Experience Share: Dave was a classic workaholic.  He could not admit he was but when I tracked his schedule over a few month period, it was clear that he was addicted to working excessive hours (classic workaholic for sure).   But as always, there was more to the story.  As I walked Dave through the coaching questions above, we jointly discovered that Dave was in an infinite loop of trying to prove himself to his wife.  Dave was actually incredibly efficient, which gave him time back to spend outside of work.  But, as I dug deeper into why he was trying to prove himself to his wife, he gave me a backstory and some history that clearly spelled out why he was working so many hours.  It all boiled down to the fact that he did not want his wife thinking that he was not willing to go above and beyond to provide for his family.  This infinite loop was never really defined or understood by Dave, much less discussed with his wife.  His “addiction” was: 

a) hurting the relationship with his wife 

b) hurting the relationship with his kids  

c) setting a horrible example for his team, who were feeling the pressure of working similar hours and he had some unwanted attrition on his team in the last year based on this

d) not helping the company as the extra hours were not adding value

e) and the list of negatives goes on.   

Dave and I talked out how he could discuss the subject with his wife and start to make some concrete changes.  A few days later, Dave talked to his wife about why he was working so much and his wife was extremely apologetic for her actions and words that were perpetuating the infinite loop of proving himself to her.  The pressure was relieved and Dave immediately started to reduce the late nights at the office and as expected… 

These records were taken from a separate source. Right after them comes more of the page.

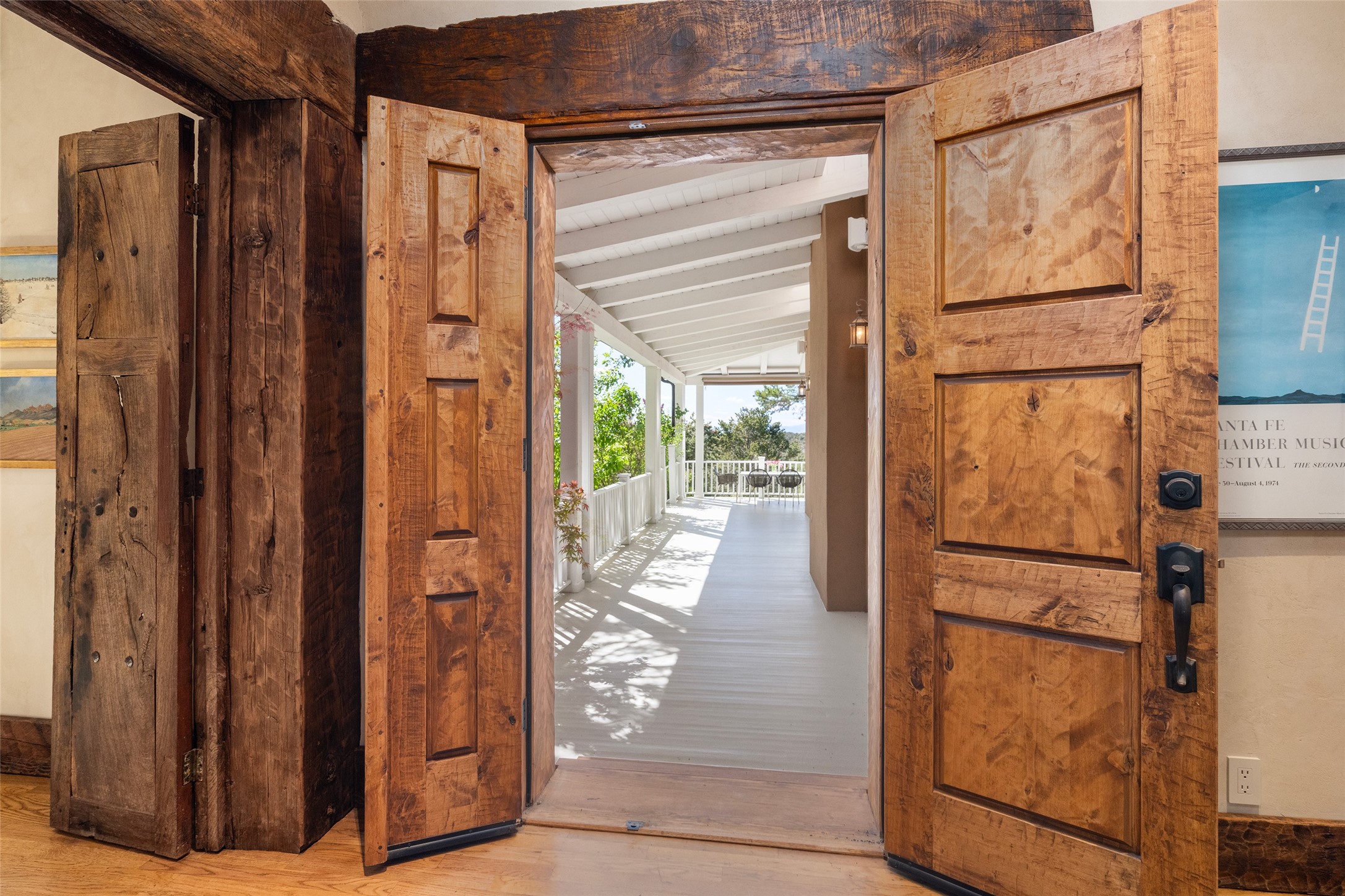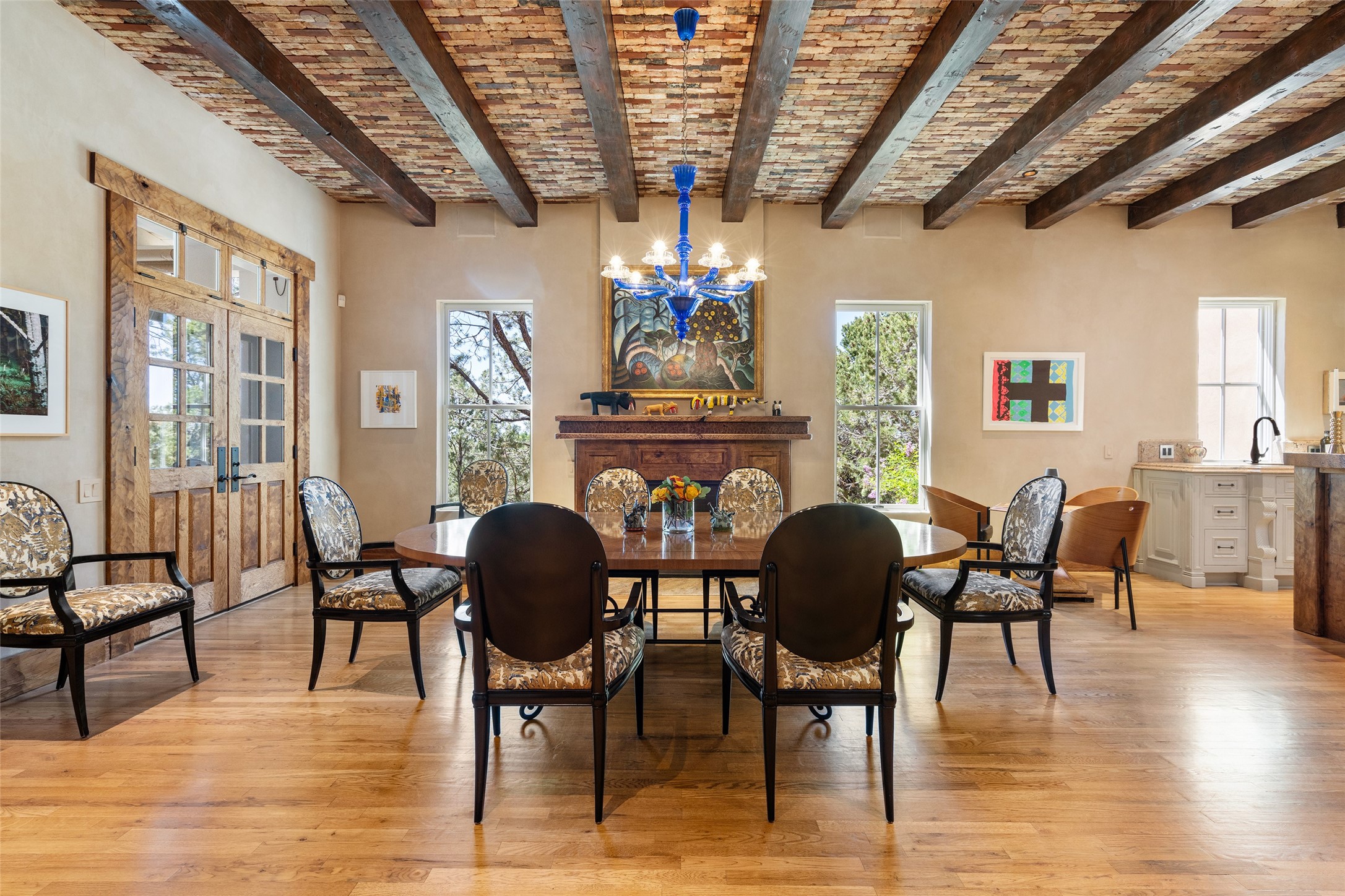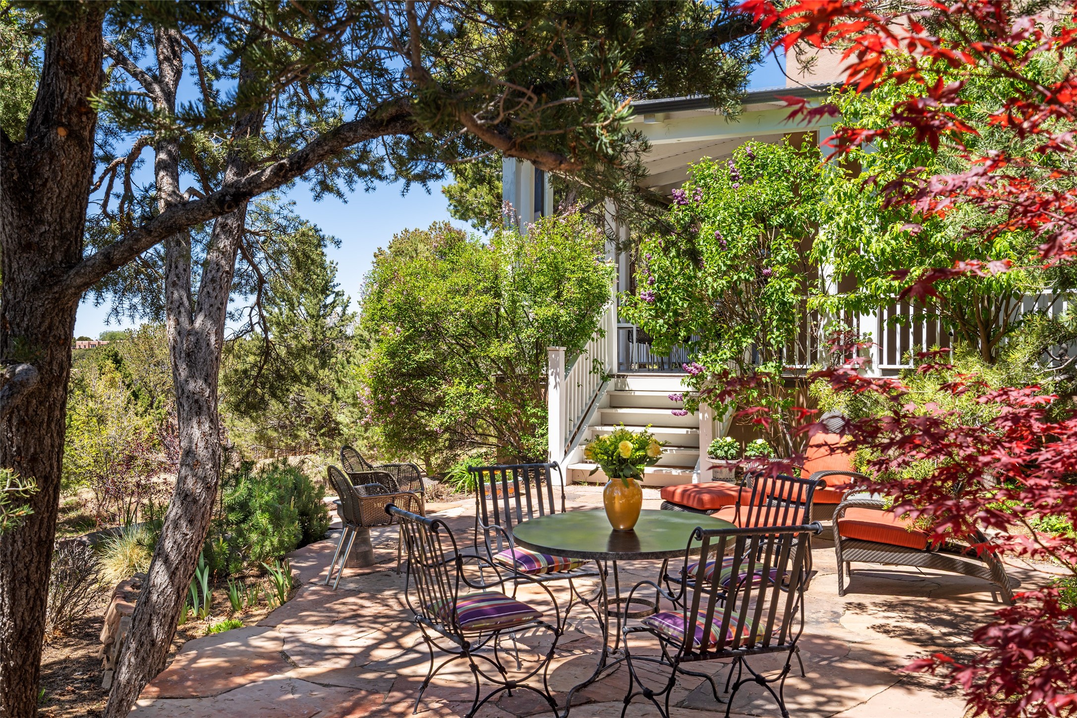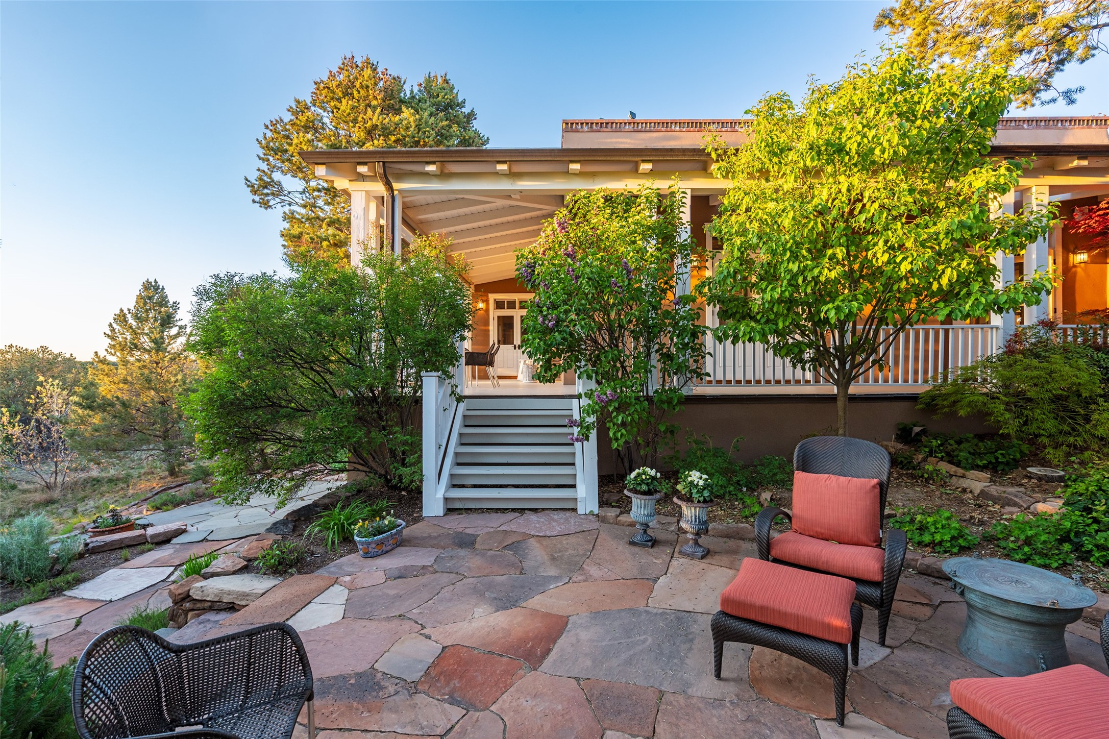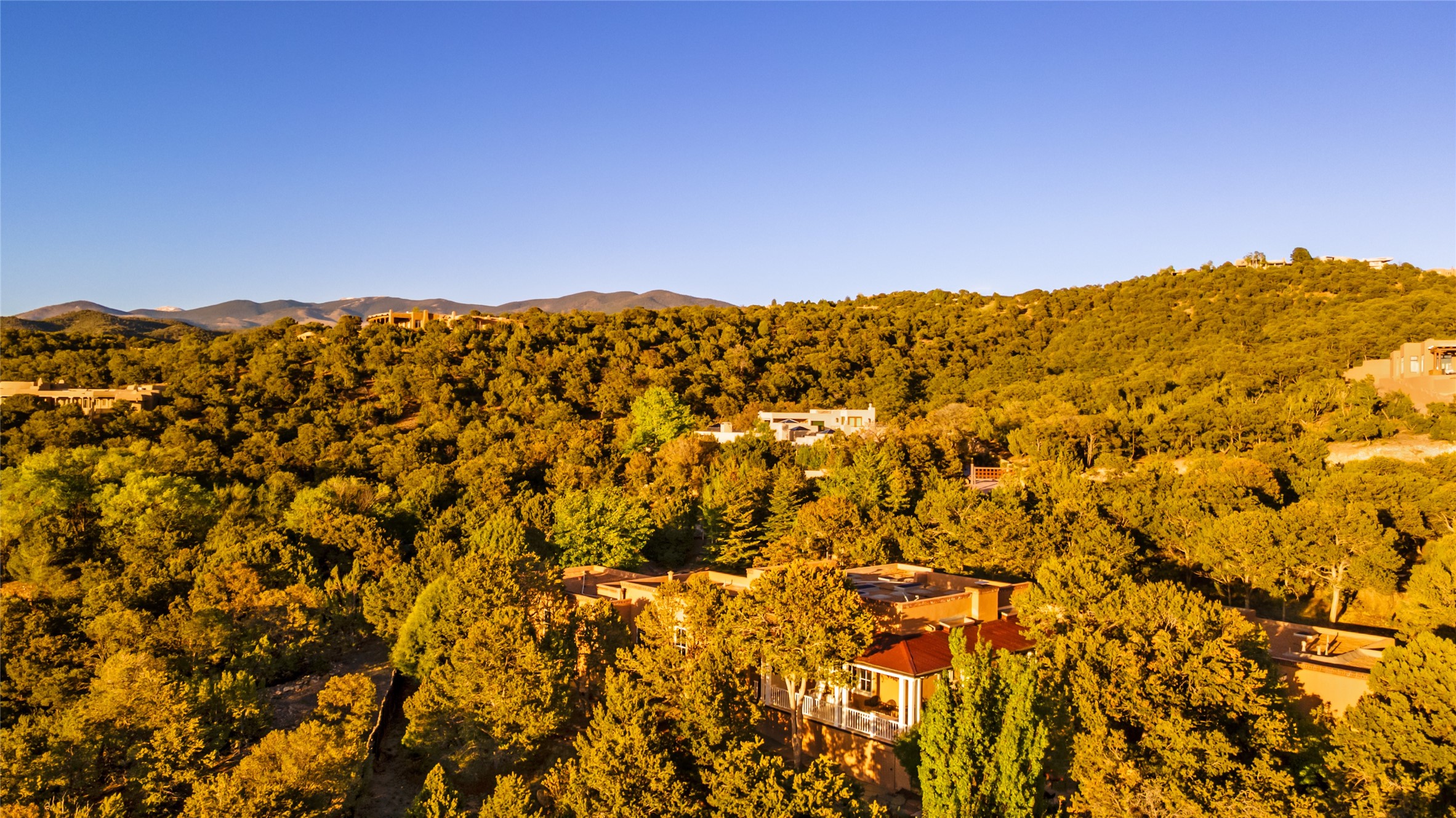 This gated oasis tastefully blends territorial-style with southwestern character reminiscent of old-world Europe. The property offers privacy, elegance, and tranquil views of the Jemez Mountains. The home features a deep wrap-around veranda --perfect for outdoor entertaining or peaceful evenings surrounded by lush, mature gardens and glorious trees. Inside, unique architectural touches abound, including roughhewn wood accents and soaring brick ceilings that add warmth and texture throughout. The elegant living room features a large stone fireplace and is adjoined by the dining room that seamlessly integrates with the gourmet kitchen -- a culinary dream, with a large island, honed stone countertop, top-tier appliances, and a separate butler's pantry with an additional dishwasher and sink. The spacious floor plan includes three bedrooms and four baths. The primary suite is generous, with access to the veranda, a private study, two spacious walk-in closets, and a luxurious bath. The separate guest wing with two gracious guest suites enjoys privacy and ensures welcoming accommodations. An oversized two-car garage completes this stunning property. More than a home, this is a secluded sanctuary that blends timeless design with modern comfort.
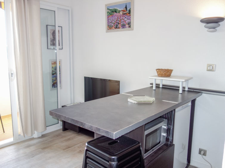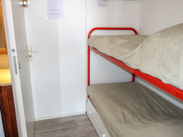 Appartement 1-kamer 20 m2 op de 2e verdieping. Licht, volledig gerenoveerd in 2018, comfortabel en mooi ingericht: hal, zonder ramen met 1 x 2 stapelbedden (80 cm, lengte 190 cm). Woon-/eetkamer met 1 2-pers divanbed (140 cm, lengte 190 cm), TV. Uitgang naar het terras. Kookhoek (afwasmachine, 2 inductiekookplaten, waterkoker, magnetron, elektrische koffiemachine). Douche/WC. Elektrische verwarming. Terras 6 m2, overdekt, op het zuidwesten gelegen. Terrasmeubelen. Uitzicht op zee. Ter beschikking: Internet (Internet (WiFi), extra). Parkeerplaats nr. 811. TV alleen FR. Rookmelders. 83112 000212 W1
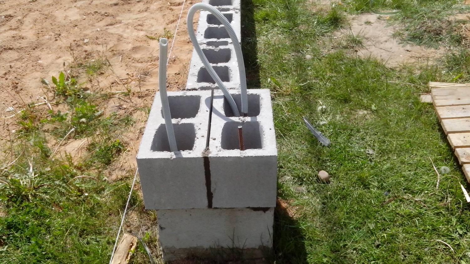 В некоторые столбы закладывал трубки под провода, для ворот и калитки (домофон-звонок).
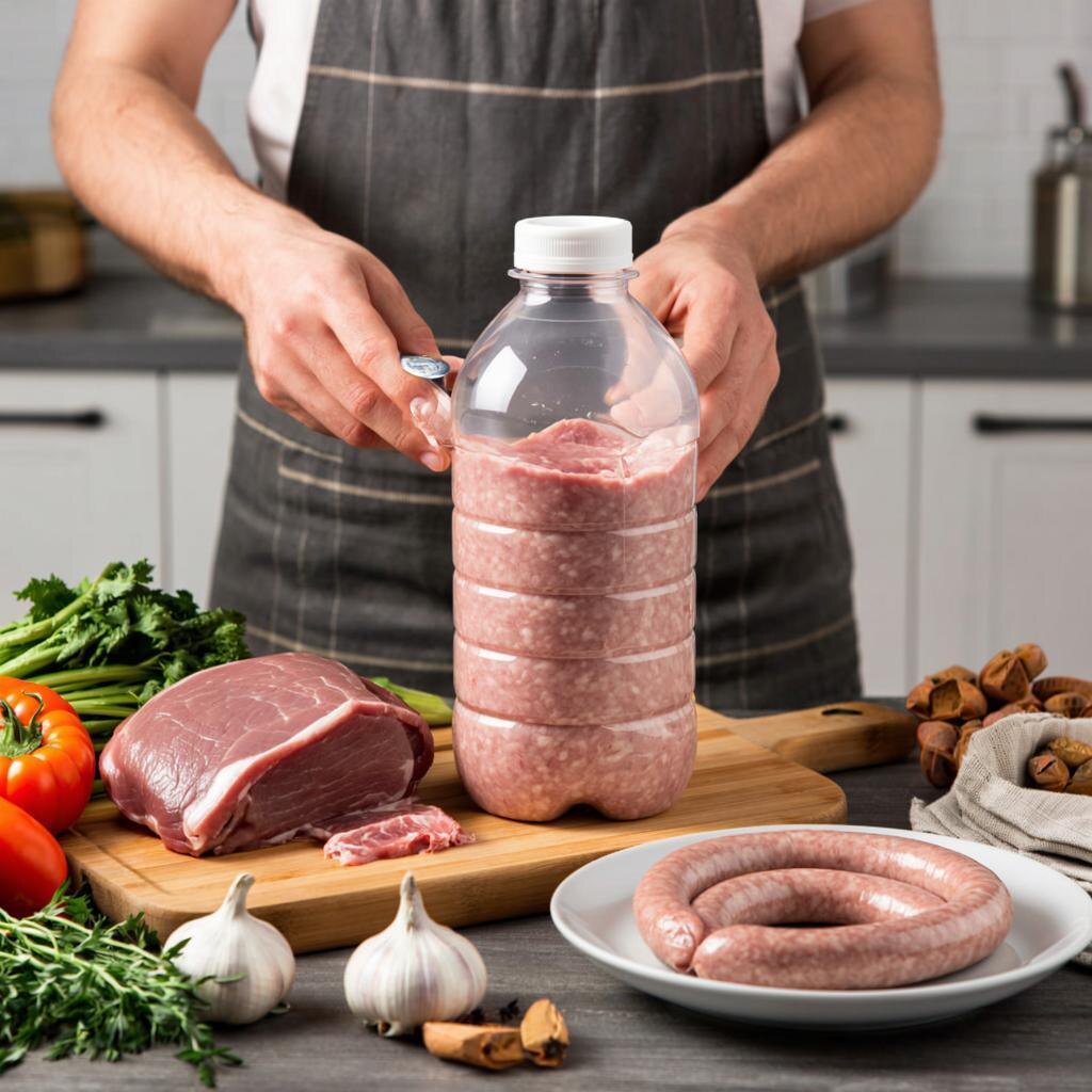 В домашних условиях можно приготовить не только вкусные блюда, но и колбасу, которая будет качественнее и полезнее магазинной. Особое место занимает домашняя куриная колбаса — она нежная, легкая и отлично подходит для семейного обеда или перекуса. Ингредиенты: -куриное филе — 1 кг -куриные грудки — 300 г -чеснок — 3 зубчика -соль — 1,5 ст. ложки -чёрный молотый перец — 1 ч. ложка -паприка — 1 ч. ложка -сухие специи по вкусу (тимьян, кориандр) — по 0.5 ч. ложки -холодная вода — 100 мл -натуральные кишки для колбасы (можно приобрести в мясных лавках) — около 1 м Пошаговое приготовление: Подготовка мяса. Курицу тщательно промываем, удаляем пленки и жилки. Нарезаем филе и грудки на небольшие кусочки для удобства дальнейшей обработки. Измельчение мяса. Пропускаем курицу через мясорубку с мелкой решеткой или измельчаем в блендере до однородной массы. Добавление специй. В мясо кладем соль, перец, паприку, чеснок, пропущенный через п
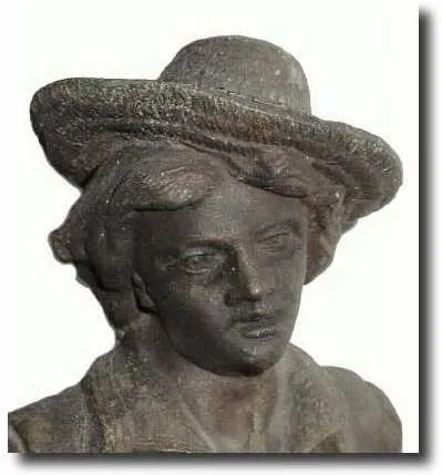 C.1900, French, A spelter novelty of a young farmer pushing a wheelbarrow containing garden vegetables, but notably a large squash which contains a 30 hour alarm clock. The case is in generally good original condition, whatever finish it had is oxidized to a dark color, and one simple wire support missing from front. We sold a cousin to this clock in April '99, lot 426 for nearly $1000, however it had a colorful paint scheme; ticks and alarms. Some hairlines in porcelain dial. Height 10 inches
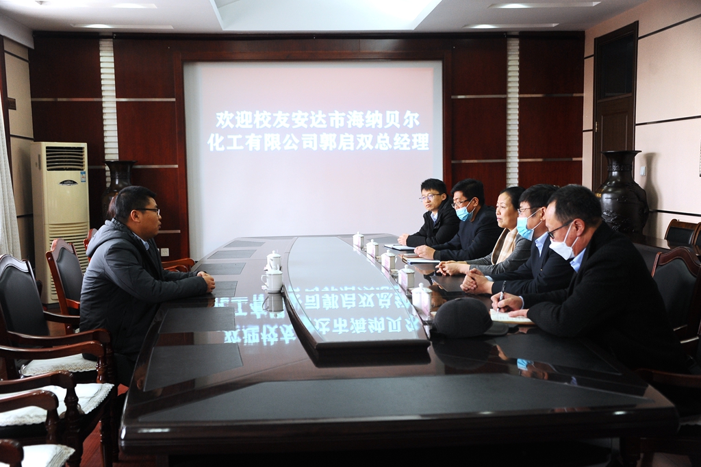 11月19日上午,校黨委書記陳桂芝、副書記張文治在學(xué)校辦公樓504會(huì)議室會(huì)見了我校化學(xué)工程與工藝專業(yè)2010屆校友、安達(dá)市海納貝爾化工有限公司總經(jīng)理郭啟雙一行。校黨委常委、組織部長(zhǎng)馬文輝和化學(xué)與化學(xué)工程學(xué)院、材料科學(xué)與工程學(xué)院負(fù)責(zé)人參加了會(huì)見。

a) the relationship with his wife dramatically improved and his work was not a toxic wedge in their relationship

b) for the first time in a while, he was able to be present with his kids at night  

c) he talked to his team about the changes he was making and the engagement of his team significantly improved, and he had no unwanted attrition over the next year

d) and the list of positives goes on.

Our careers should enhance our personal lives, not negatively impact our relationships and quality of life.  Work life balancing is always possible and achievable as long as a coachee desires more of a balance.

What a great example of how coaching makes a positive impact in a coachee’s professional and personal lives.